Bailey’s mother came back to life. “I don’t think he did, Bailey,” she said calmly. When she saw how her daughter’s eyes shone with tears, she continued with two reassuring statements: “He wasn’t in the mob, Hun, and no one would ever have enough money in the world for your father to want to kill himself or you in order to get it.”
daughter sniffled. At least now the sniffle was associated with her crying and
not the total ass-backwards way she had been feeling with the flu. Bailey
glanced to her mother under her wet eyelashes. “Yeah, it was stupid of me for
thinking that,” she agreed. “He was never bonkers like Gemma or Mathews.”
It made her feel a whole lot better, her mother’s declaration. Her head was fuzzy now, rather than filled with guilt or betrayal. Bailey felt like she had just taken a bit too much medication. The outlines of everything she looked at were wavering; she smiled vacantly at her mother, who smiled back. Her father hadn’t been in the mob. He hadn’t died and put Bailey in danger because of a butt load of money. She was relieved. No, she was ecstatic.
Robert Brown wasn’t like Gemma Owens or Doctor Mathews. Bailey’s smile faltered. She didn’t know Doctor Mathews’ first name. Why didn’t she know his first name? Bailey’s eyes narrowed at her mother’s back as she walked towards the bathroom and closed the door behind her. Had she ever known it?
It was a common side effect of a bad concussion to have memory loss. It was also common to have headaches the first few weeks or months afterwards. Bailey didn’t have headaches, thank God, but she did slip up with remembering details every once in a while. She stood from the couch and walked over to her fridge. What had she had trouble remembering this week? Bailey stuck her head in the fridge and poked around for a few seconds. She grabbed the milk cartoon and closed the door again.
She couldn’t remember where she’d put her car keys. That wasn’t a big deal, at least not this week, since she hadn’t been well enough to drive anywhere. And that was fairly common with Bailey. If she didn’t consciously put her wallet and keys in the bowl on her dresser in her bedroom, then she would drive herself nuts trying to find them. Bailey unscrewed the cap to the milk and took a swig right out of the gallon.
But not knowing Mathews’ first name… That was strange. Maybe it had something to do with PTSD. Bailey opened the refrigerator door and replaced the milk. She leaned back against the door. Maybe, since she associated Doctor Mathews with a traumatic experience, her mind automatically blanked his name out for her. Maybe it was her way of healing.
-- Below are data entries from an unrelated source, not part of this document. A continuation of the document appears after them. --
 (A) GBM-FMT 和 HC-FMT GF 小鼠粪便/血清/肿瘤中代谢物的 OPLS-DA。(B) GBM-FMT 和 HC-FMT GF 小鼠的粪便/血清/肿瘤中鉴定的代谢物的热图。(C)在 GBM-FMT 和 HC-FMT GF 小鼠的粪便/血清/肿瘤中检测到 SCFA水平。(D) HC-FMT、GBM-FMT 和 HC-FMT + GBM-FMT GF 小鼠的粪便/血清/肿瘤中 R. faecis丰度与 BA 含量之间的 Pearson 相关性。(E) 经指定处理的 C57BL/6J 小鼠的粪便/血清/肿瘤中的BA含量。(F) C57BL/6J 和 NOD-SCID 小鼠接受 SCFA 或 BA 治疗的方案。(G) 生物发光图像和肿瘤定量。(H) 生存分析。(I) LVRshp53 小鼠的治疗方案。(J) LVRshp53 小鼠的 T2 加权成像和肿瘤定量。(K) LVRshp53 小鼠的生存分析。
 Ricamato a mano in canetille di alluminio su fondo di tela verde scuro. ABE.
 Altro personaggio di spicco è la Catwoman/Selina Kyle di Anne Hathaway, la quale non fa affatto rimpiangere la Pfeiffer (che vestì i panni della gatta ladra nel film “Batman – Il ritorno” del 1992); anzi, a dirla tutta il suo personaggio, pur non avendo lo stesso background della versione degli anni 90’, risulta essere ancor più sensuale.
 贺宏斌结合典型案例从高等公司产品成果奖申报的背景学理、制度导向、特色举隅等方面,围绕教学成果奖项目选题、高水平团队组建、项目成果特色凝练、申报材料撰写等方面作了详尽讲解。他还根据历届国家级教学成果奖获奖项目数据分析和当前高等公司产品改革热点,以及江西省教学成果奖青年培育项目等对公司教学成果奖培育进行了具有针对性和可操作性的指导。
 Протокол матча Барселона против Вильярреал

His first name would come back to her eventually.
Sighing, Bailey walked backed over to the couch and sat. Her mother flushed the toilet and reappeared from Bailey’s bedroom; she sat next to her. She played with a strand of Bailey’s hair absently.
“Big day tomorrow,” her mother said casually.
“Whatcha mean? I’m just going back to work,” Bailey replied.
“Exactly.” Her mother turned so that she faced Bailey head on. “Are you sure you’re ready? You don’t want to get the entire hospital sick.”
Bailey knew that wasn’t what her mother meant, but she decided that course of action was best at the moment. “I feel much better,” she said. “Besides, the patients are being pumped to the brim with antibiotics. There’s no way they would catch this cold, it’s over a week old.”
“That’s not what I meant.”
“Are we going to talk about it?”
“If you want.” Bailey stood and grabbed the TV remote from her grandmother’s pouf. She clicked the television on.
Her mother sighed and faced the TV. She seemed resigned to the fact that Bailey didn’t want to talk about Ace. That was what she wanted to hear about. Her mother wanted to know how Bailey was going to deal with that snag in her schedule. The truth was…Bailey didn’t know how she was going to deal with it either.